Now recall that, in 1987, Jesse Jackson led 500 protesters at Stanford University chanting: “Hey hey, ho ho, Western civ has got to go.”

Their complaint, or so they claimed, was that courses on Western civilization implied Western superiority, which didn’t comport with “multiculturalism.”

University administrators — compliant then as now — replaced Western civilization courses with courses on “cultures, ideas and values” and “Western imperialism and colonialism.”

These courses have stressed the ostensible sins of Europe and the United States, questioning the West’s foundational values of open inquiry, free markets, constitutional democracy and human equality.

Scant attention has been given to the empires of the Middle East, Asia, Latin America and Africa and their abhorrent practices (e.g., the Ottoman and Arab slave trades and Aztec child sacrifice).

Middle East studies departments were transformed into centers of “anti-Orientalist” activism, especially against Israel.

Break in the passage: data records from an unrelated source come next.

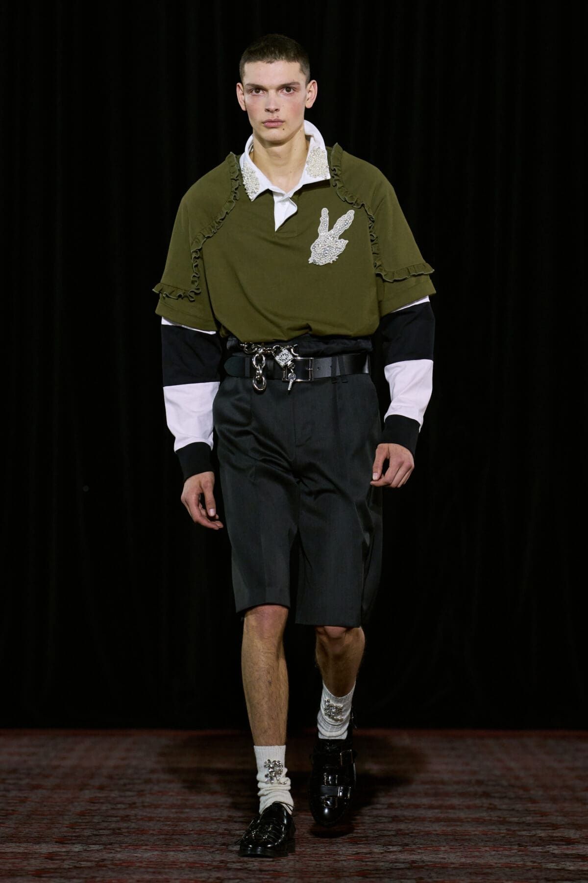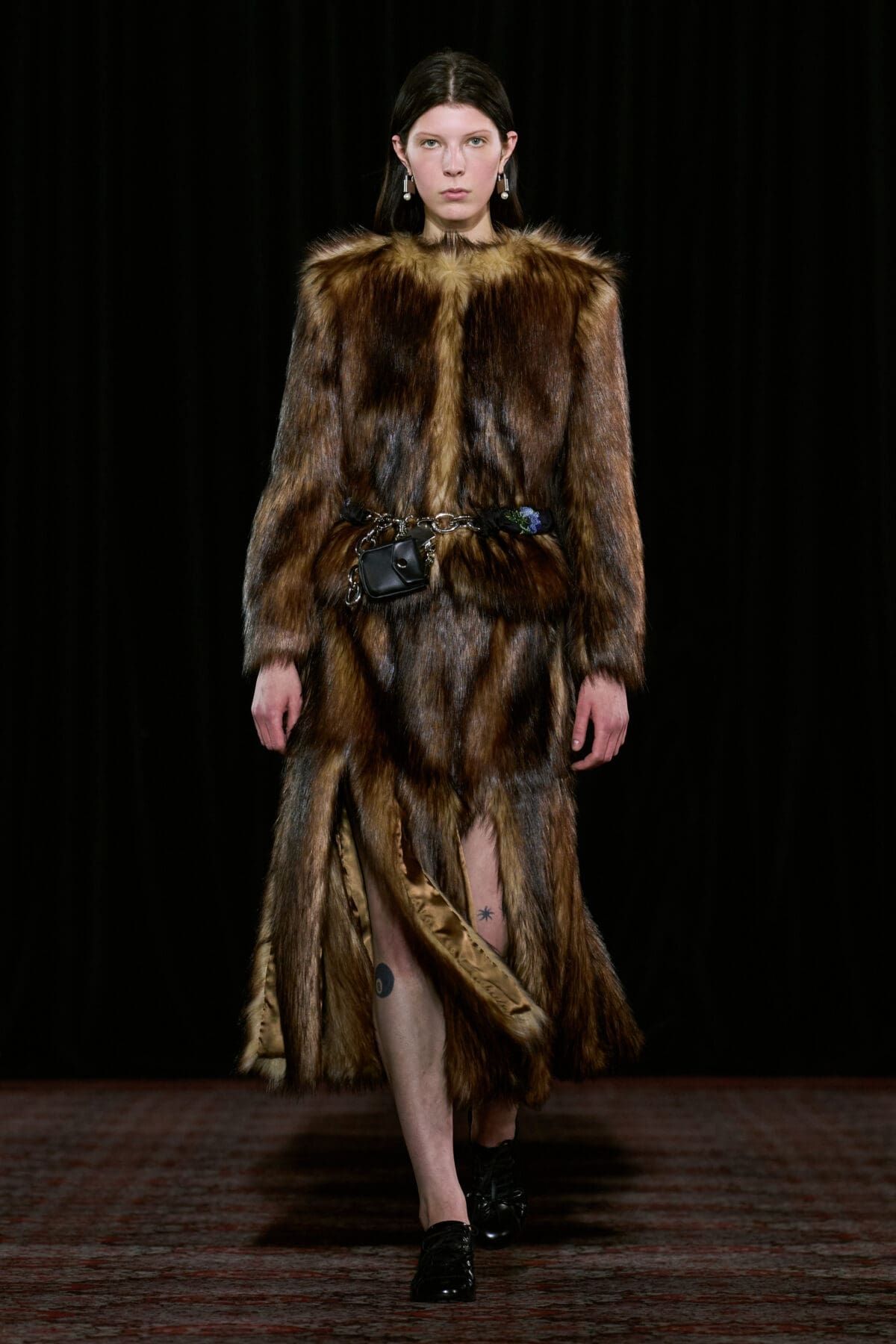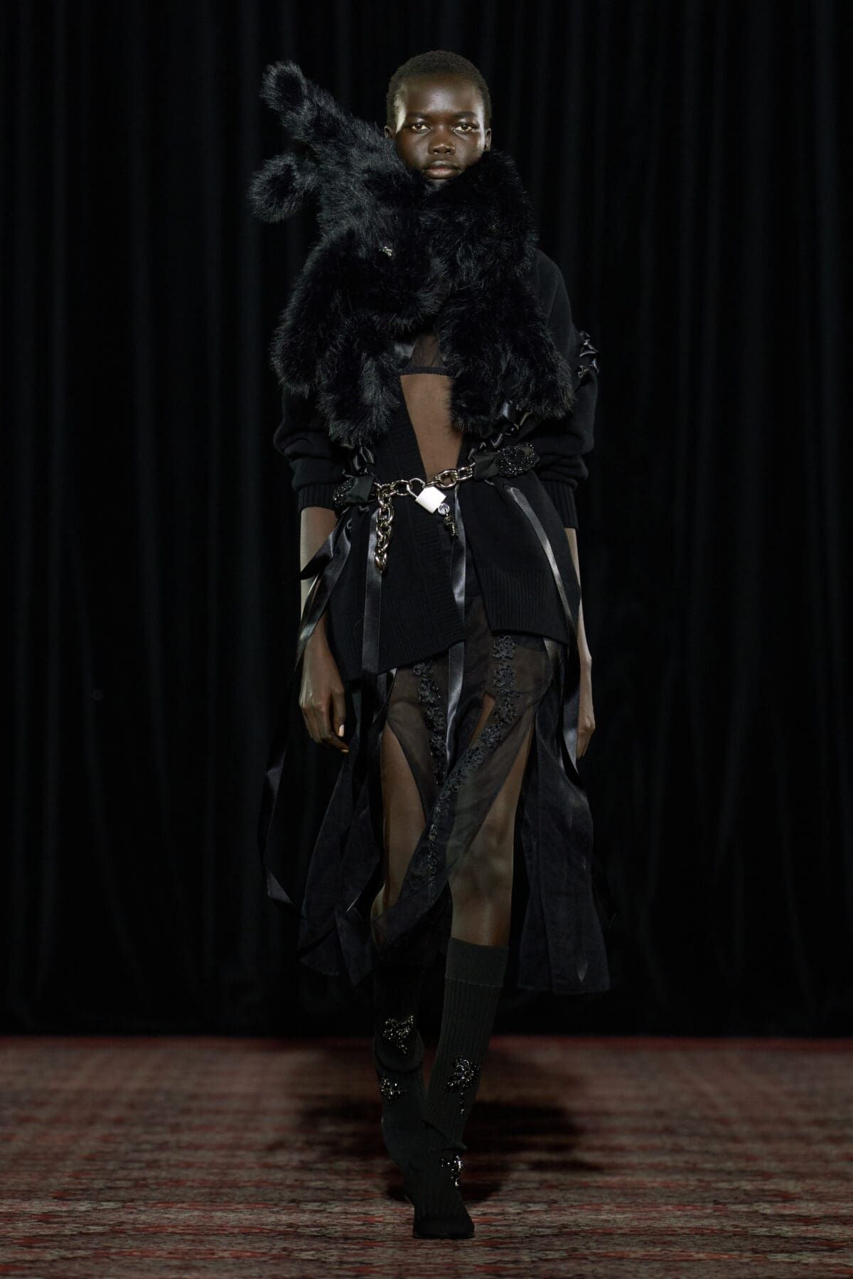 Se si cercano accessori o scarpe ironici ma affascinanti, con Simone Rocha non si sbaglia. Nonostante nelle ultime collezioni la designer irlandese abbia intrapreso una direzione decisamente dark, fatta di biker jacket e look total black (questa volta sono comparsi anche un paio di maglie da rugby impreziosite da perline e balze), lo spirito iper-femminile, simpatico e sentimentale di Rocha brilla ancora. Camicie da notte rosa pastello sono state coperte da sciarpe e lunghi cappotti di pelliccia marrone o decorae da imbracature in pelle nera. Le cinture sono state il fil rouge della collezione, spesse e sovrapposte sui fianchi delle modelle ma anche sulle borse e gli accessori. Giacche di tweed dall’animo vintage sono state modernizzate da mini-pant in pelliccia, mentre loden in lana spessa, parka, abiti e camicie in raso anni ’80 sono stati resi giovani da catene e gioielli in metallo. Assieme alla cinture è stato protagonista il coniglio, una borsa peluche declinata in più e più colori, dimensioni e tessuti. Il tema della collezione? Gli archetipi liceali più amati di sempre, tra emo, tomboy, nerd, ribelli e sportivi.
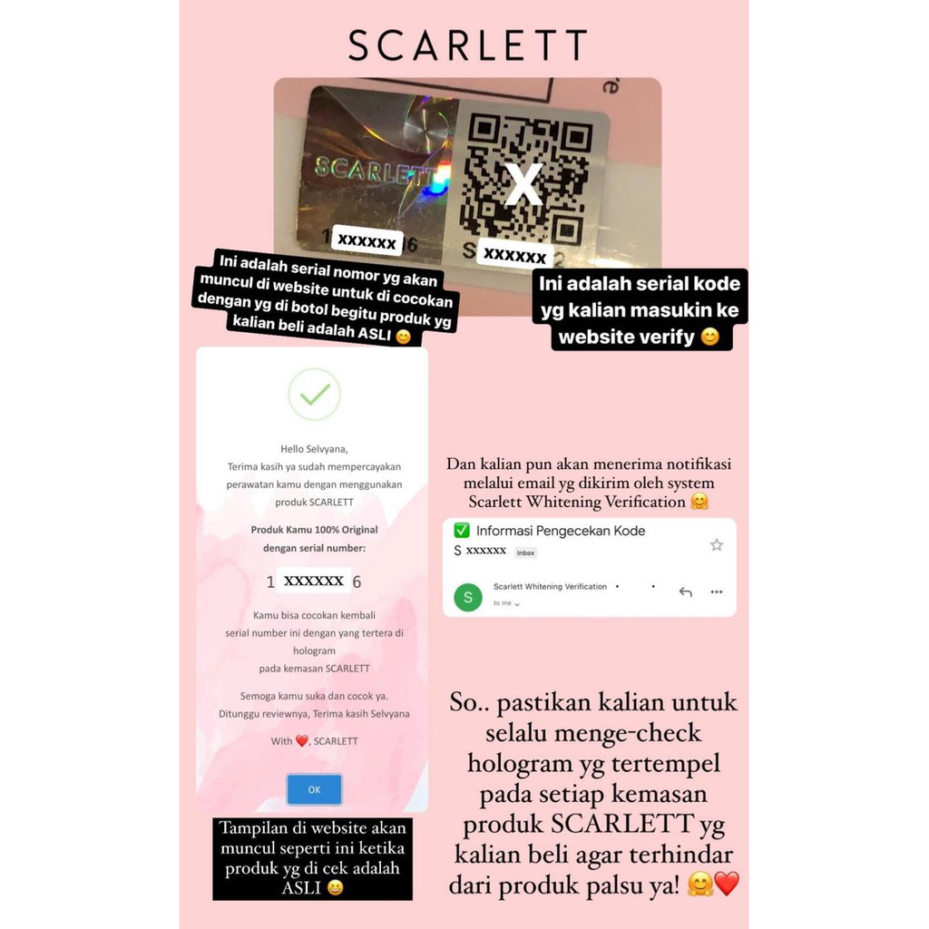 Scarlett Whitening Series tersedia dalam ready stock dan kami menjamin produk akan dikirim dalam keadaan baik. Untuk memastikan keamanan produk selama pengiriman, kami merekomendasikan Anda untuk:
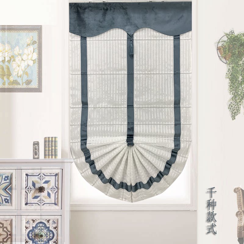 Dreams round Roman curtain light-transmitting shading gray-blue Mediterranean living room dining room partition simple small fresh lifting curtain
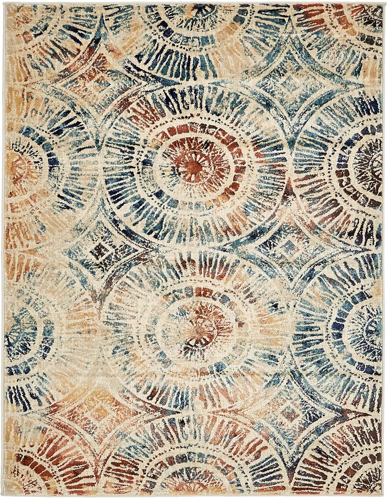 Primary color is Beige. Colors in this rug include: Beige, Navy Blue, Brown, Blue.

Meanwhile, the contemporary empire builders in Tehran, Moscow and Beijing are ignored on most campuses.

Are there contradictions between jihadism on the one hand and the ideologies of the Chinese Communist Party and the “woke” left on the other? Carlos and his acolytes apparently think not.

In “Revolutionary Islam,” he called on “all revolutionaries, including those of the left, even atheists” to accept the leadership of Islamists because they represent the only “transnational force capable of standing up against the enslavement of nations” given the collapse of the Soviet Union. (China’s relations with Washington were amicable 20 years ago.)

He predicted: “From now on, terrorism is going to be more or less a daily part of the landscape of your rotting democracies.”

• Clifford D. May is founder and president of the Foundation for Defense of Democracies (FDD) and a columnist for The Washington Times.